Only Ghosts by Red Fang

Red Fang’s latest 41-minute offering is bound to satiate those mediocre stoner rock cravings we all get from time to time.

It would, perhaps, be wrong to say that Red Fang have commercialised their sound with this new record, as they were never a particularly inaccessible band to begin with. However, that being said, there is a clear attempt in these tracks, particularly in the first half of the LP, to attain a more melodic and alt-rock influenced sound. This, on its own, is not necessarily any cause for alarm; there are plenty of bands like Red Fang that have had no problem at all in transitioning to a more radio-friendly sound. But Red Fang are, evidently, not one of these bands.

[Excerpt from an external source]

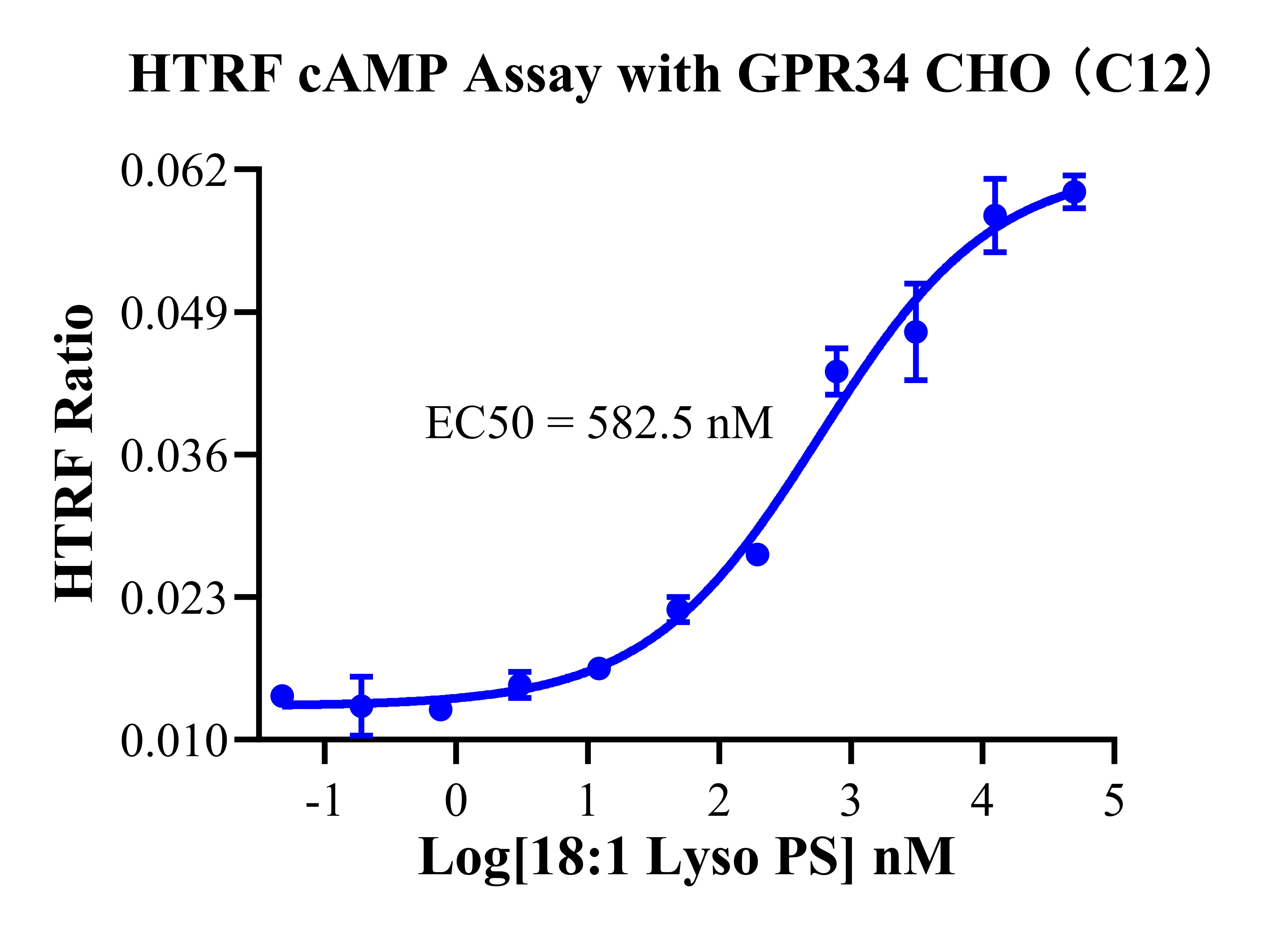 cAMP 在 G 蛋白偶聯(lián)受體(GPCR)信號(hào)轉(zhuǎn)導(dǎo)中是一種關(guān)鍵的第二信使。當(dāng)配體結(jié)合 到 GPCR,構(gòu)象發(fā)生變化,激活受體接著激活 G 蛋白,Gi 的激活導(dǎo)致腺苷酸環(huán)化酶調(diào)控 cAMP 的下調(diào)。GPR34 CHO 藥靶模型很好的模擬了體內(nèi) GPR34 的信號(hào)轉(zhuǎn)導(dǎo)過(guò)程,原理見(jiàn)下圖所示。![]() Figure 1. GPR34 CHO 細(xì)胞模型原理圖 |

Speaking in terms of the actual content of the album, the Portland-based outfit spend the first twenty minutes playing the same 4/4 pentatonic riff-worship that they’ve been wanking over since their debut, which contains a few highlights in the songs ‘Flies’, ‘No Air’, and ‘Not For You’, all clearly showing that Red Fang can still write a great, mosh-able tune; so much so, in fact, that they wrote the same song three times over.

The second half of this trainwreck begins with the actually good song, ‘The Smell of the Sound’, and then continues with three more tracks which, yet again, sound exactly the same as it. On these tracks, the band appears to be channelling the style of fellow headbangers Mastodon, although they manage to do so in a remarkably awkward fashion.

The album has about three good songs, but the bottom line is Only Ghosts fails because they are actively stripping down and polishing a sound that was already stripped-down and polished enough five years ago.